» **WORK REQUIRED**
Please repeat exactly the lines from the one containing "Worn once for" through the last line of the records below, leaving out any pictures.
_ _ _ _
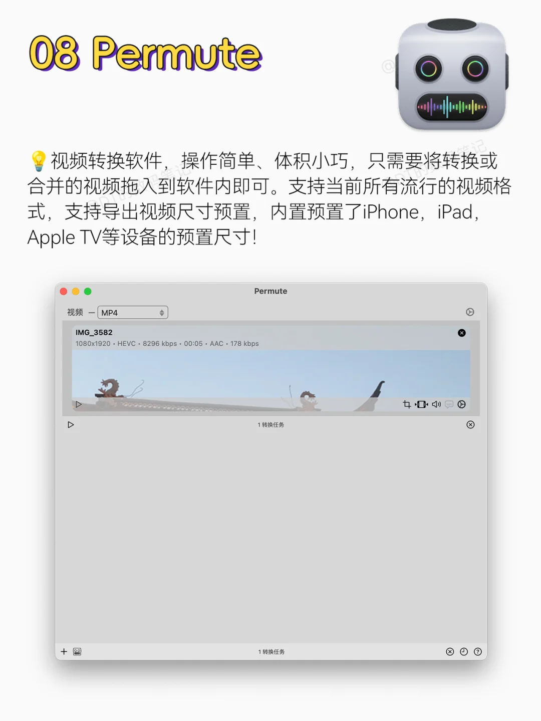 视频转换软件,操作简单、体积小巧,只需要将转换或合并的视频拖入到软件内即可。支持当前所有流行的视频格式,支持导出视频尺寸预置,内置预置了iPhone,iPad,Apple TV等设备的预置尺寸!
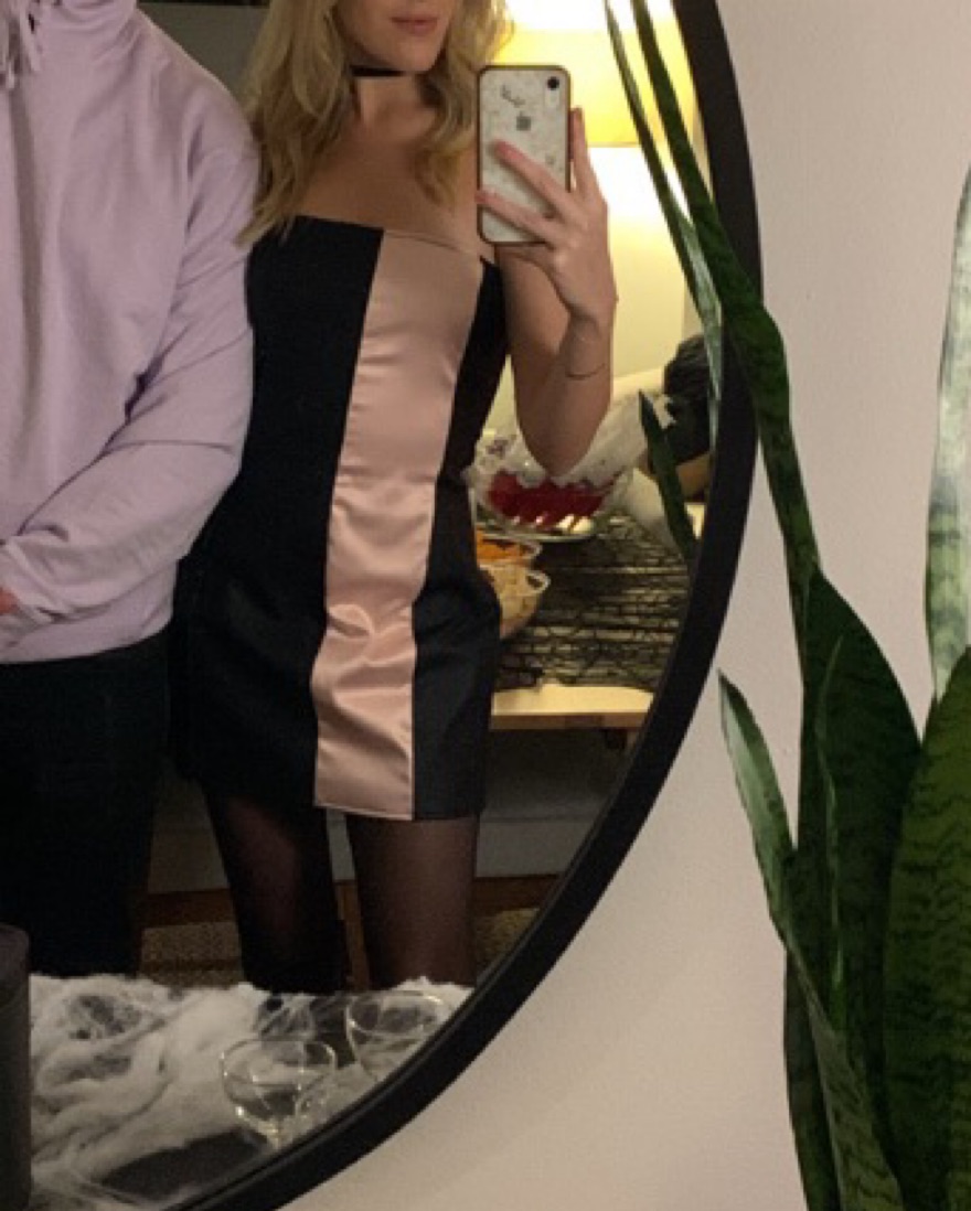 Worn once for a few hours! Great quality faux leather and pink satin. Custom made
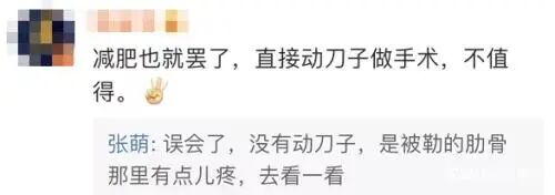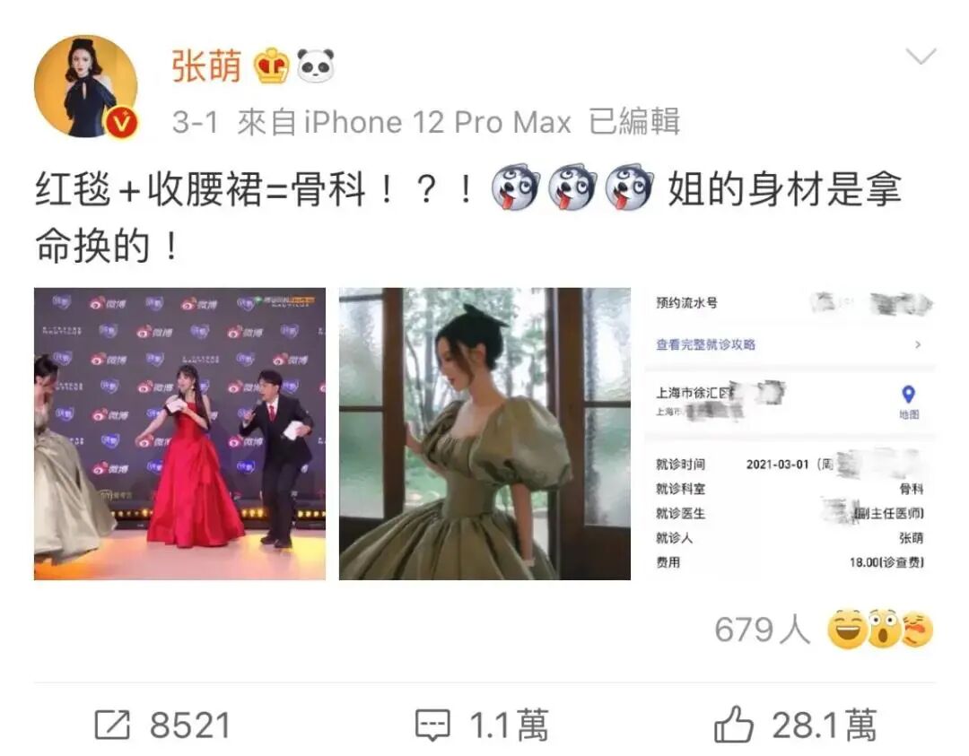 没想到一语成谶,(我不是乌鸦嘴,真不是)次日张萌就发微博说自己去看了骨科医生,原因是被收腰裙勒得“肋骨那里有点儿疼”。
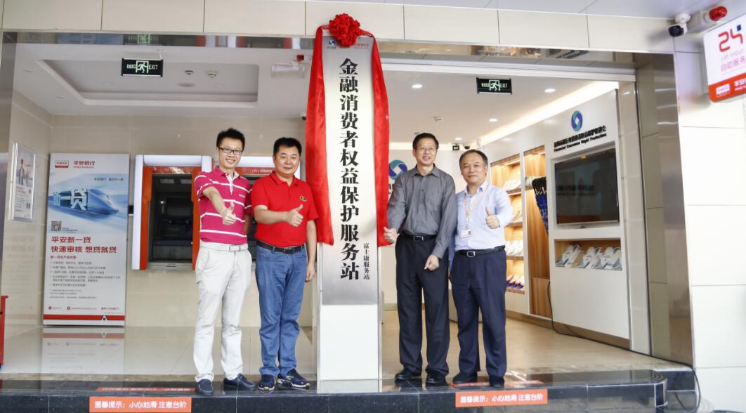 銀保監(jiān)會(huì)督導(dǎo)組領(lǐng)導(dǎo)與深圳銀監(jiān)局消保處葉良才處長(zhǎng)、深圳銀行業(yè)消費(fèi)者權(quán)益保護(hù)促進(jìn)會(huì)尹明生秘書長(zhǎng)、平安銀行深圳分行孫芳滔副行長(zhǎng)以及深圳市公安局反信息詐騙中心、富士康集團(tuán)等相關(guān)領(lǐng)導(dǎo)共同出席了揭牌儀式。
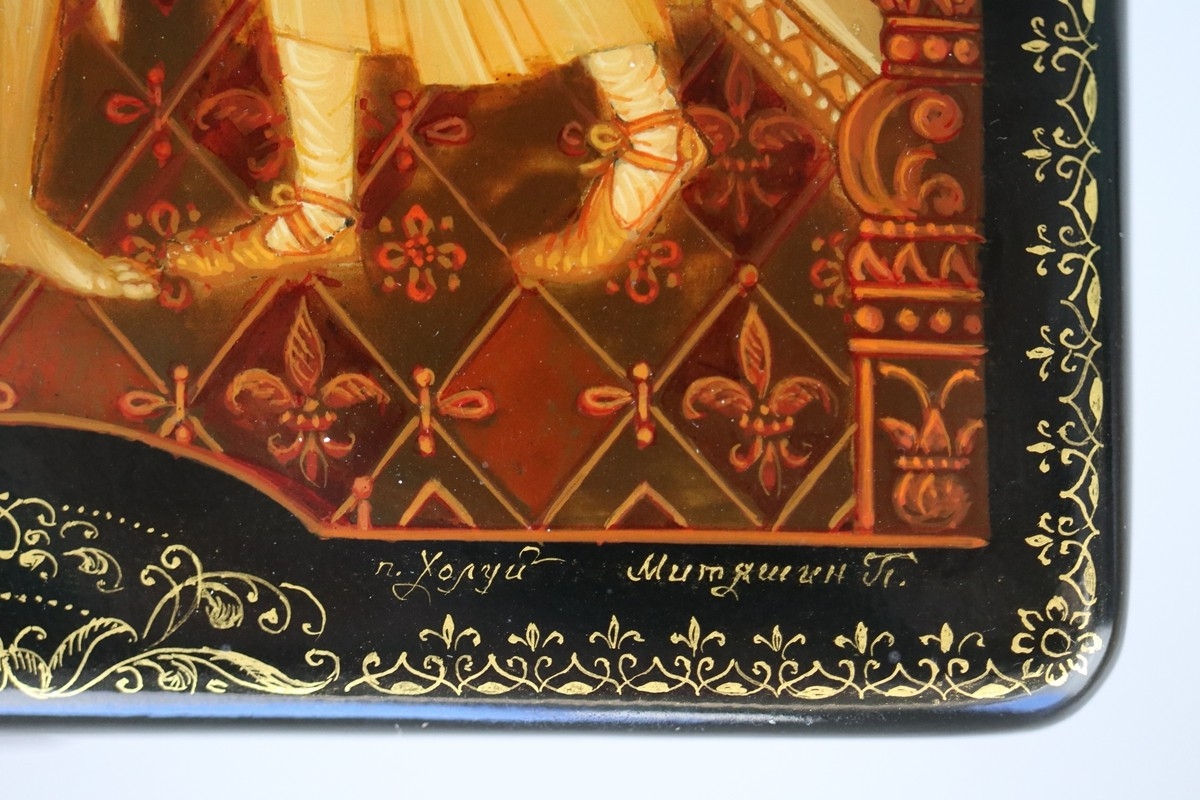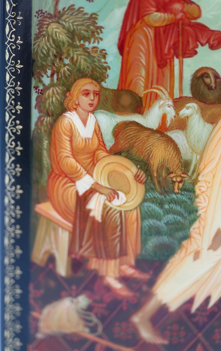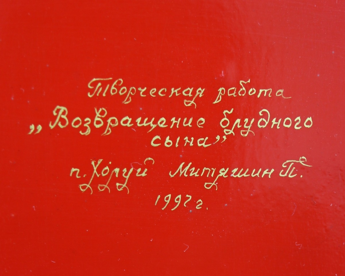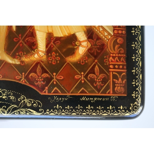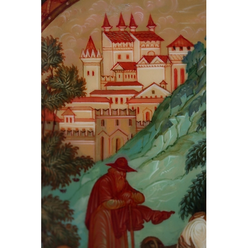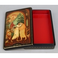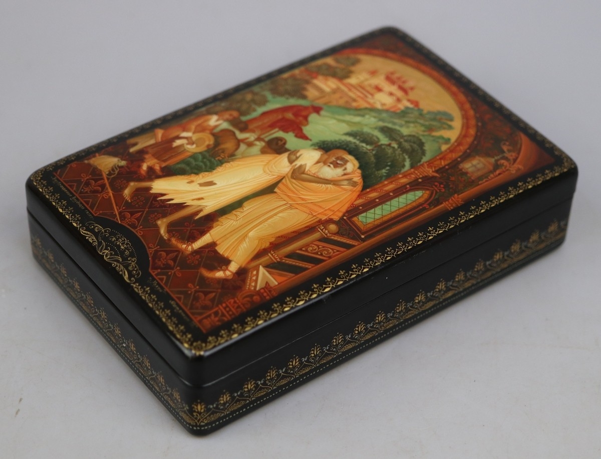 Hand painted Russian lacquered box depicting the Prodigal Son with documents - Approx 15cm x 10cm x 3.5cm
_ _ _ _
» **OUTPUT**
 Worn once for a few hours! Great quality faux leather and pink satin. Custom made
 没想到一语成谶,(我不是乌鸦嘴,真不是)次日张萌就发微博说自己去看了骨科医生,原因是被收腰裙勒得“肋骨那里有点儿疼”。
 銀保監(jiān)會(huì)督導(dǎo)組領(lǐng)導(dǎo)與深圳銀監(jiān)局消保處葉良才處長(zhǎng)、深圳銀行業(yè)消費(fèi)者權(quán)益保護(hù)促進(jìn)會(huì)尹明生秘書長(zhǎng)、平安銀行深圳分行孫芳滔副行長(zhǎng)以及深圳市公安局反信息詐騙中心、富士康集團(tuán)等相關(guān)領(lǐng)導(dǎo)共同出席了揭牌儀式。
 Hand painted Russian lacquered box depicting the Prodigal Son with documents - Approx 15cm x 10cm x 3.5cm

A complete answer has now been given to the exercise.